──────── RECORDS FOR THIS EXERCISE
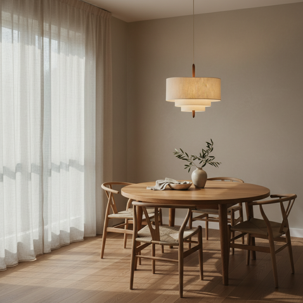 A layered silhouette that diffuses a gentle glow, creating warmth and dimension in modern living spaces.
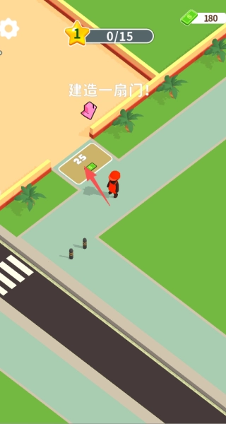 第一步,拖动角色移动到建造位置,点击建造一扇门,需消耗25金币。
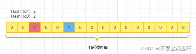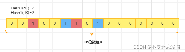 接着我们把d3也映射过来,假设Hash1(d3)也等于 2,它也是把下标为2的格子标1:
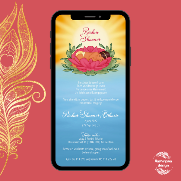 Verstuur een geboortekaartje of nodig je gasten uit voor een feestje of mundan sanskaar (moeran) met deze mooi geïllustreerde digitale kaart/uitnodiging met een lief meisje dat ligt te slapen in een roze lotusbloem op het water. Op de achtergrond is de zon te zien die zijn warmte over de baby uitstraalt. Deze illustratie is met name geschikt voor een meisje wiens naam licht of zon betekend.
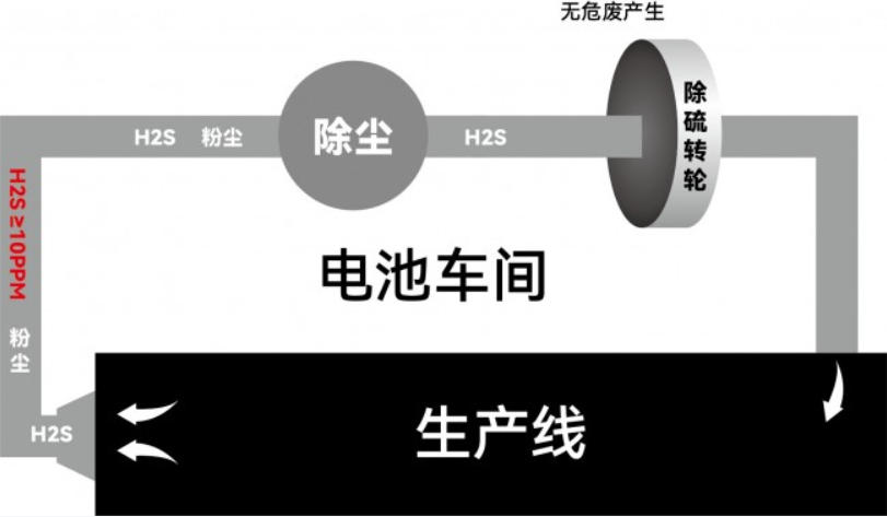 在固態(tài)電池規(guī)?;a(chǎn)線中,除常規(guī)活性炭外,普沃思自主研發(fā)的H?S吸附轉(zhuǎn)輪吸引了多家電池企業(yè)固態(tài)電池中試線的關(guān)注。該技術(shù)無(wú)需像活性炭那樣定期停機(jī)更換過(guò)濾器,也不產(chǎn)生危廢。
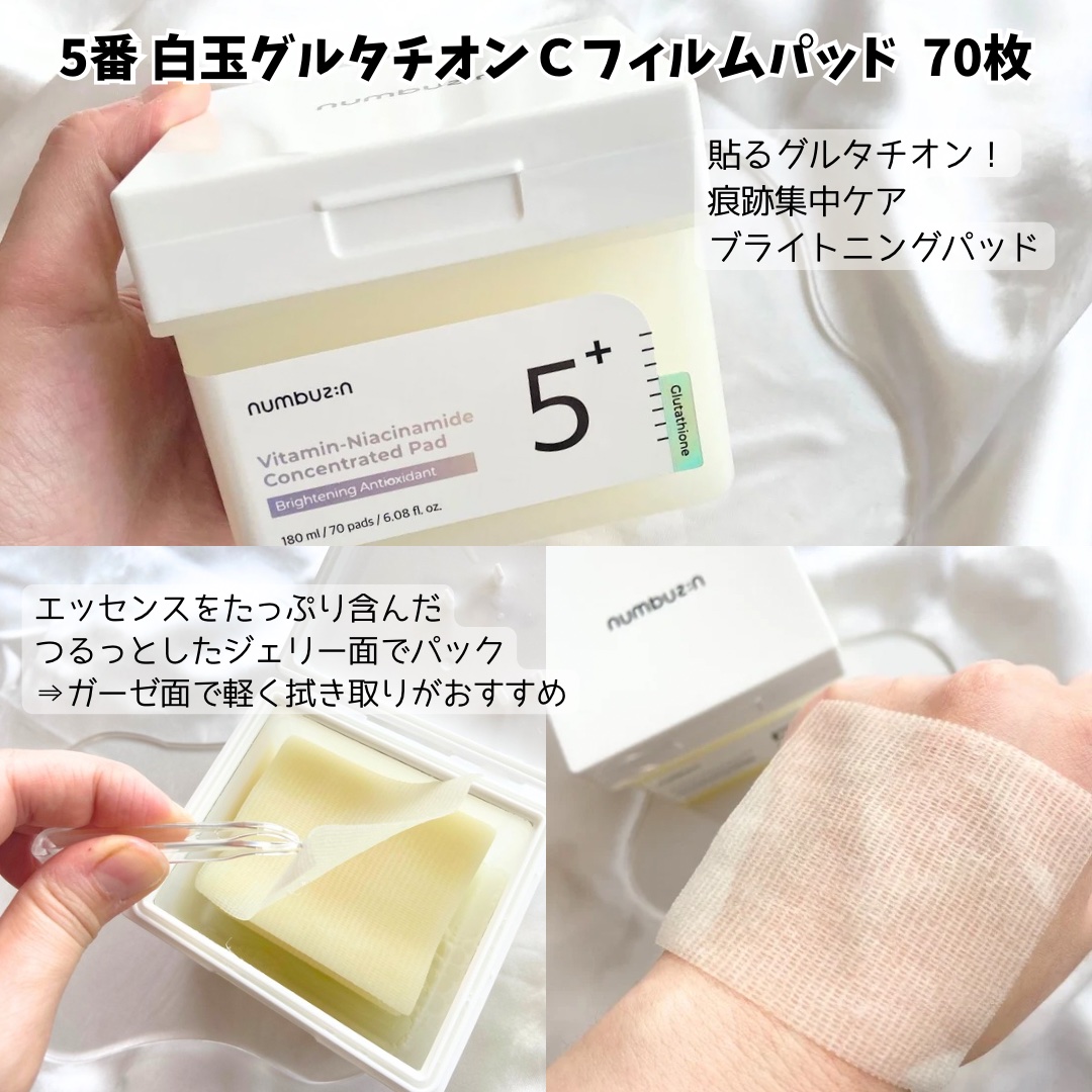 グルタチオン(整肌成分)とビタミン(整肌成分)をそのままぎゅぎゅっと1枚のフィルムパッドに! ぷるんとしたジェリー面でしっかりうるおいケア。ガーゼ面で拭きとりケアができる◎ ベタつかずにうるおい感もしっかりあって私はナンバーズインのパック系ではこの白玉グルタチオンCフィルムパッドが1番お気に入りかも!
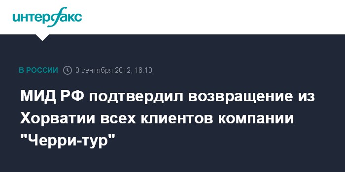 Москва. 3 сентября. INTERFAX.RU - Все российские туристы, застрявшие в Хорватии в результате действий туркомпании "Черри-тур", в воскресенье были отправлены в Россию, заявили в МИД РФ.
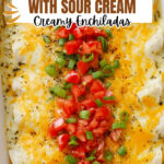 Delicious chicken enchiladas baked in a creamy sour cream white sauce, filled with shredded chicken and melted Monterey Jack and cheddar cheeses. This comforting Mexican-inspired dish is perfect for a family dinner and can be customized with your favorite toppings.
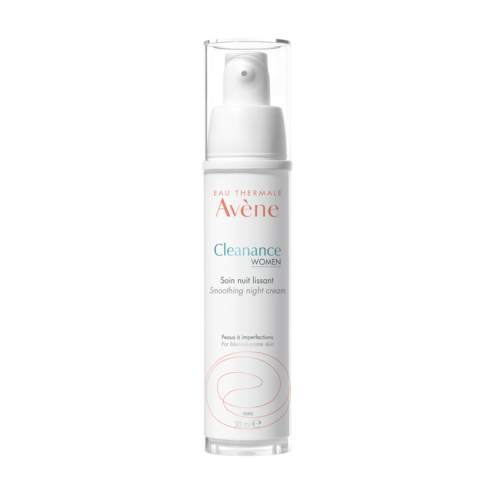 Denne fugtgivende natcreme er beregnet til uren hud hos voksne kvinder. Den reducerer urenheder og varige mærker, samtidig med at den gør huden mere jævn. Cleanance Women Night er en effektiv natcreme takket være indholdet af følgende ingredienser: Synovea™ HR, der mindsker urenheder og oxidering af sebum*, som giver synlige hudorme. Retinaldehyd, der hjælper til at reducere varige mærker og mindsker de første alderstegn. Avène Termalkildevand, der har beroligende og irritationsdæmpende egenskaber. Dens ikke-fedtende, bløde og behagelige konsistens giver huden komfort hele natten lang. Dens lette duft gør den til en musthave natcreme, som kan anvendes alene eller efter påføring af serum. Cleanance Women Night skal påføres på ren hud.
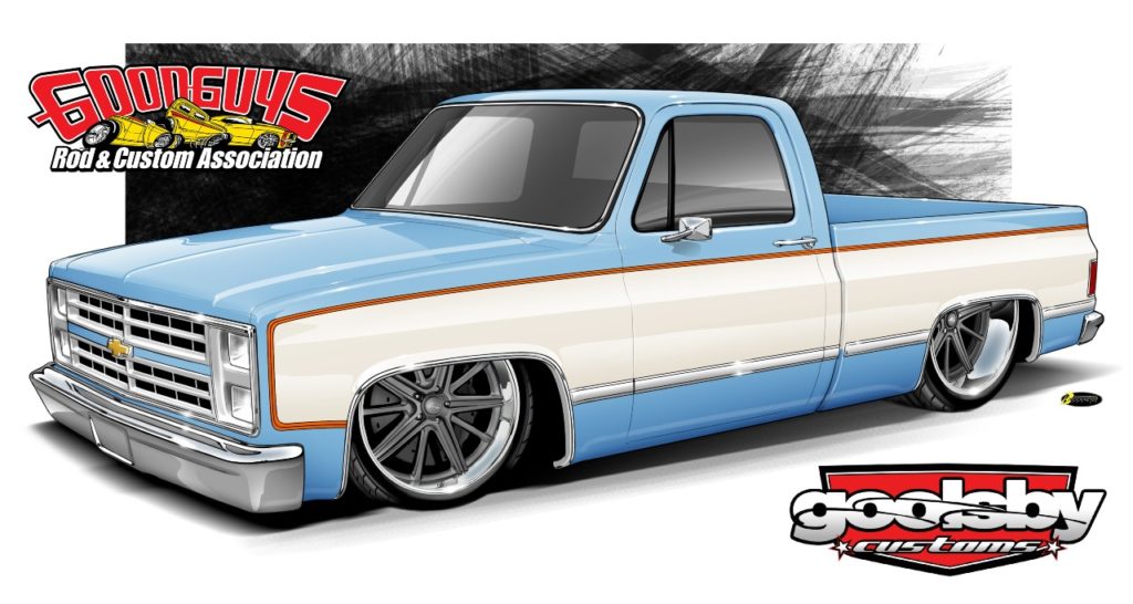 Join us this weekend for the unveiling of the Goodguys Giveaway ’85 C-10 “JeNNY” plus stop by the Goolsby Customs booth to see George Poteet’s ’60 Impala, Kenzie’s ’68 C-10 “Gert” and Nathan’s ’32 Ford Tudor Sedan “Fifth Avenue Special” on display all weekend.
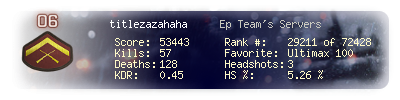 | Kill-streak | 4 | Death-streak | 13 | Team Kills | 0 |
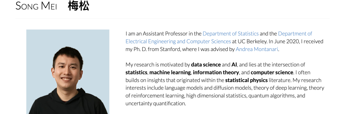 梅松:北大数院校友、斯坦福计算与数学工程博士、UC伯克利助理教授,2025年5月暂离学校加入OpenAI。
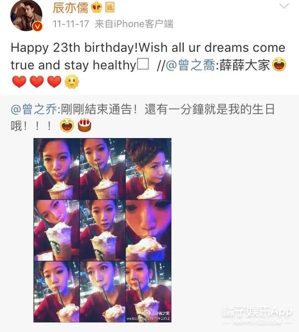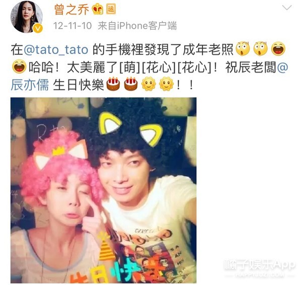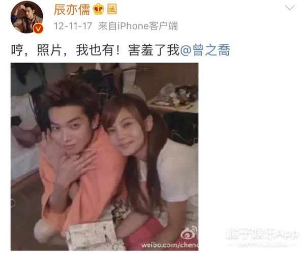 到曾之乔生日的时候,辰亦儒也回了一张合照。
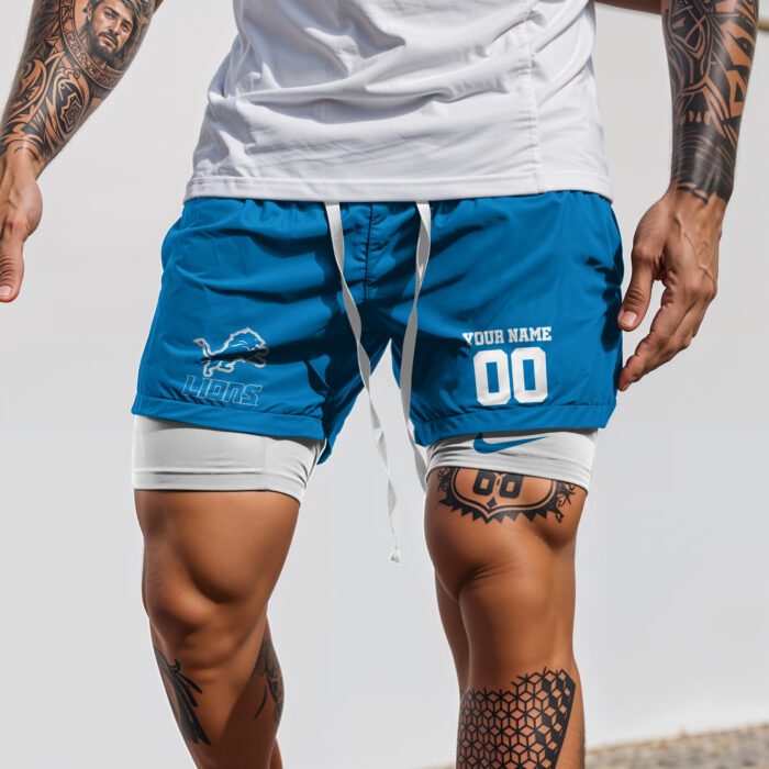 Detroit Lions NFL Double Layer Shorts Custom Your Name And Number WDS1044
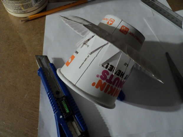 La parte superior de la taza que sobresale a través del platillo estará apoyando a la sección de platillo superior. Cortar la Copa a la altura y bengalas hacia fuera.
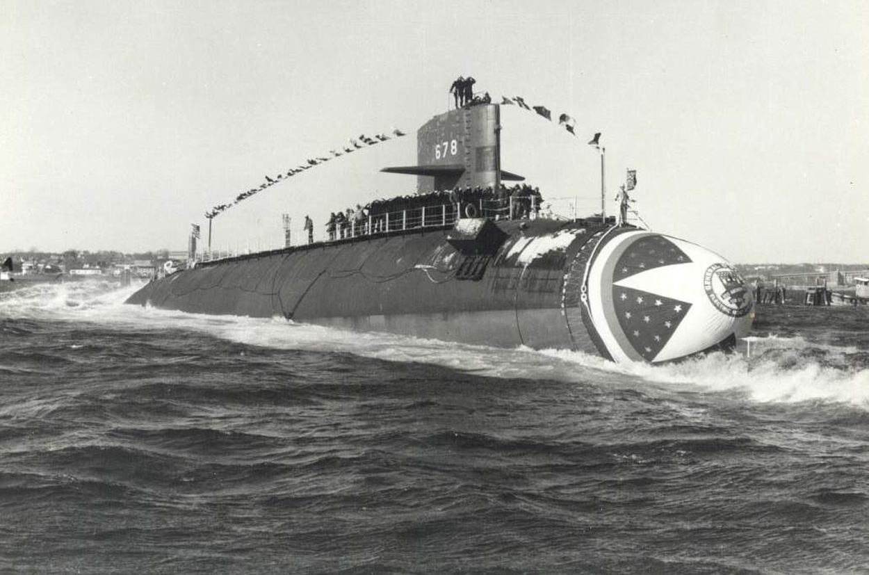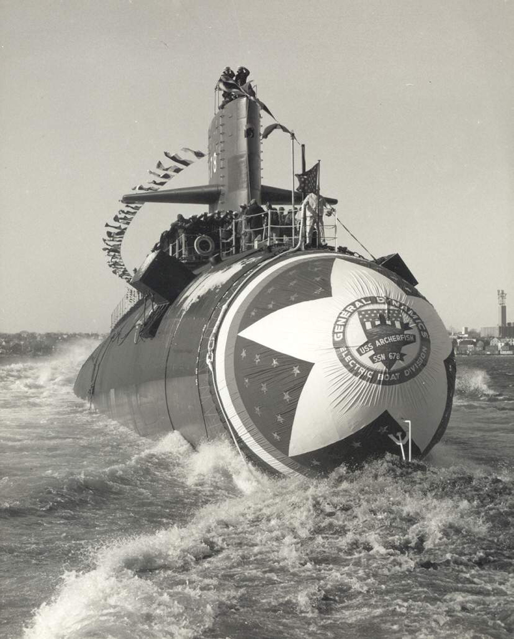 ![]() | 489k | Archerfish (SSN-678) slides stern first from the launching ways on into the Thames River at the Electric Boat Div., General Dynamics Corp., Groton, CT., 16 January 1971. | USN photo # NPC 1147466 courtesy of Scott Koen & ussnewyork.com | |
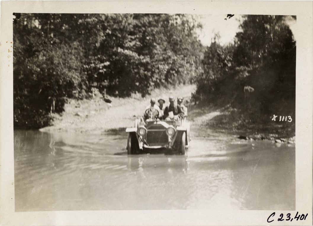 View of motorists in car crossing river during the 1910 Glidden Tour. Stamped on back: "Spooner & Wells, Inc., photographers, telephone North 1745. 1231 Woodward Ave., Detroit, Mich. Detroit, 1231 Woodward, New York, 1931 Broadway." Handwritten on back: "Tours--Glidden Tour, 1910."
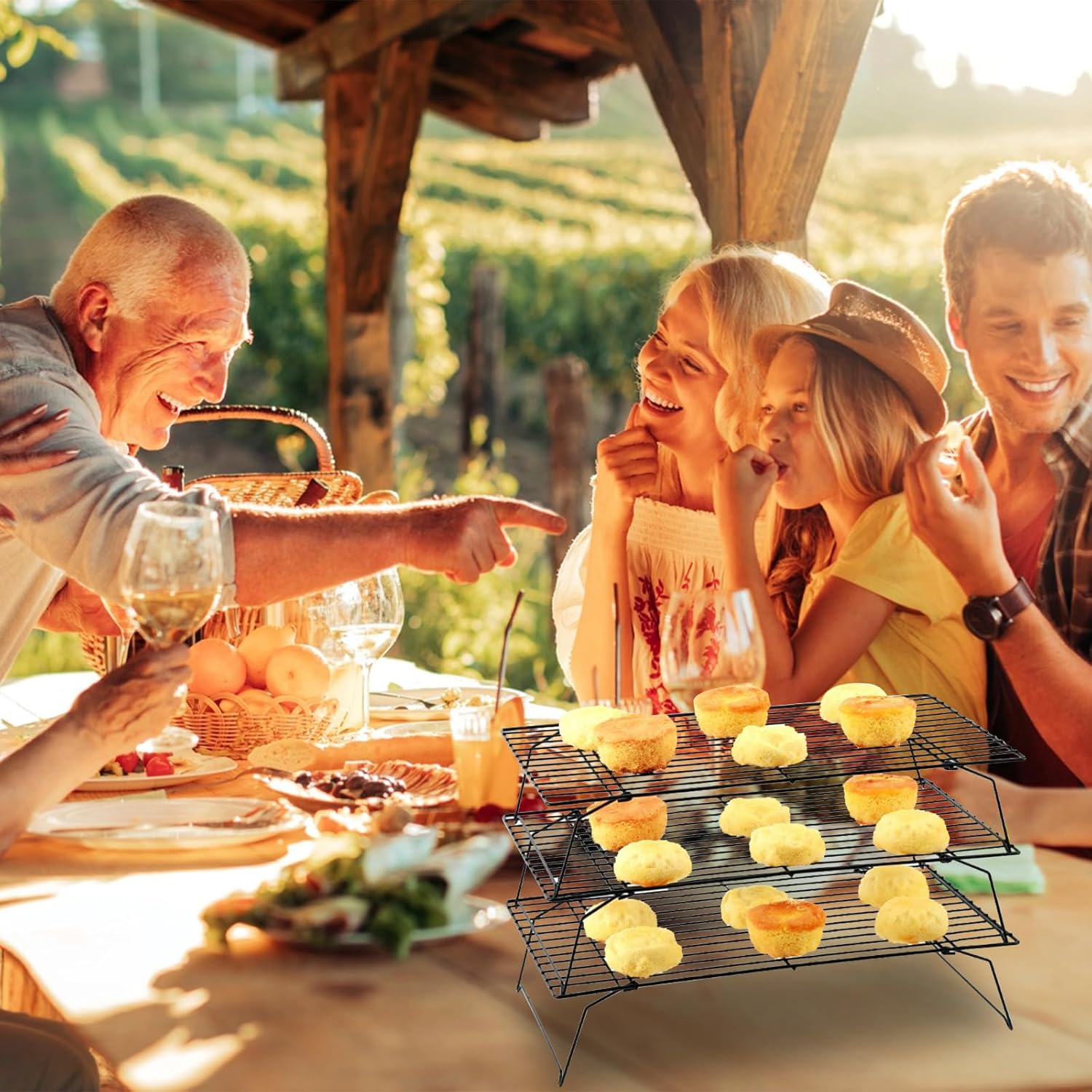 ShellKingdom Cooling Racks, Stainless Steel Non-Stick Baking Racks And Oven Safe Wire Cool Racks for Cookies, Cakes and Baking,3-Tier,Foldable
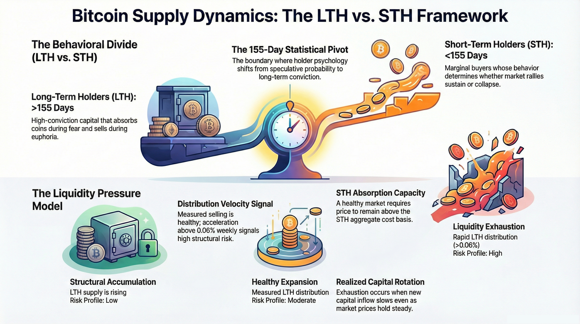 This guide does not simply define LTH and STH. It introduces a diagnostic framework-the Liquidity Pressure Model-designed to detect structural risk, not narrative sentiment. By the end, you will understand how to read the silent war between conviction capital and speculative flows, and why this single framework connects every major on-chain metric from MVRV to SOPR to Realized Price.
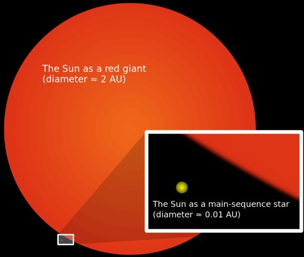赤色巨星としての太陽の概念図(参考として現在の太陽が挿入されている)
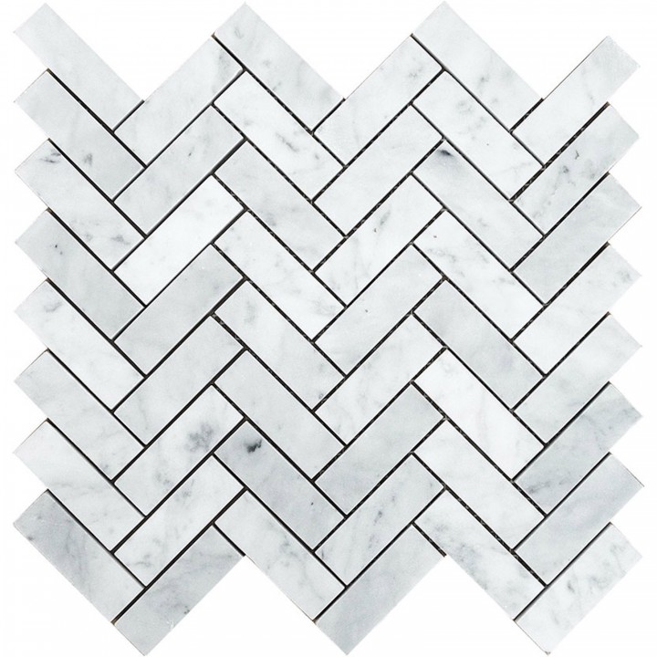 BIANCO CARRARA WHITE 1X3 GRANDE HERRINGBONE MOSAIC (1.07 sqft p/piece) (6 p/box)
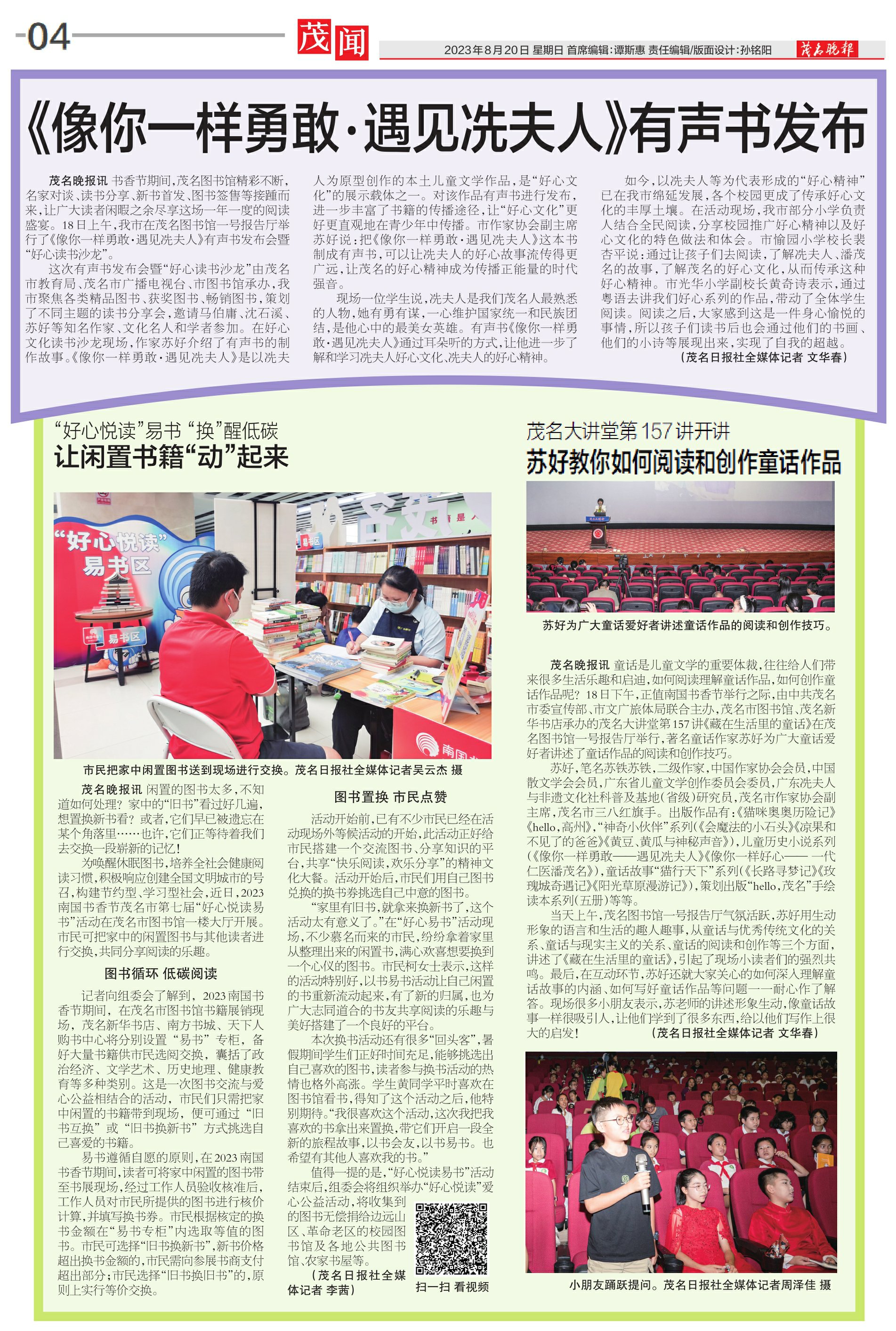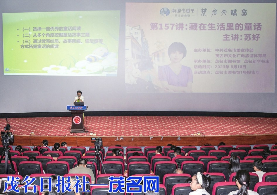 茂名晚报讯童话是儿童文学的重要体裁,往往给人们带来很多生活乐趣和启迪,如何阅读理解童话作品,如何创作童话作品呢?18日下午,正值南国书香节举行之际,由中共茂名市委宣传部、市文广旅体局联合主办,茂名市图书馆、茂名新华书店承办的茂名大讲堂第157讲《藏在生活里的童话》在茂名图书馆一号报告厅举行,著名童话作家苏好为广大童话爱好者讲述了童话作品的阅读和创作技巧。
────────────────
• _WHAT THIS TASK INVOLVES_:
Repeat verbatim the lines from the one holding "赤色巨星としての太陽の概念図(参考として現在の太陽が挿入されている)" through the end of the listing above, both ends included, but not the pictures.

• _WORKED SOLUTION_:
赤色巨星としての太陽の概念図(参考として現在の太陽が挿入されている)
 BIANCO CARRARA WHITE 1X3 GRANDE HERRINGBONE MOSAIC (1.07 sqft p/piece) (6 p/box)
 茂名晚报讯童话是儿童文学的重要体裁,往往给人们带来很多生活乐趣和启迪,如何阅读理解童话作品,如何创作童话作品呢?18日下午,正值南国书香节举行之际,由中共茂名市委宣传部、市文广旅体局联合主办,茂名市图书馆、茂名新华书店承办的茂名大讲堂第157讲《藏在生活里的童话》在茂名图书馆一号报告厅举行,著名童话作家苏好为广大童话爱好者讲述了童话作品的阅读和创作技巧。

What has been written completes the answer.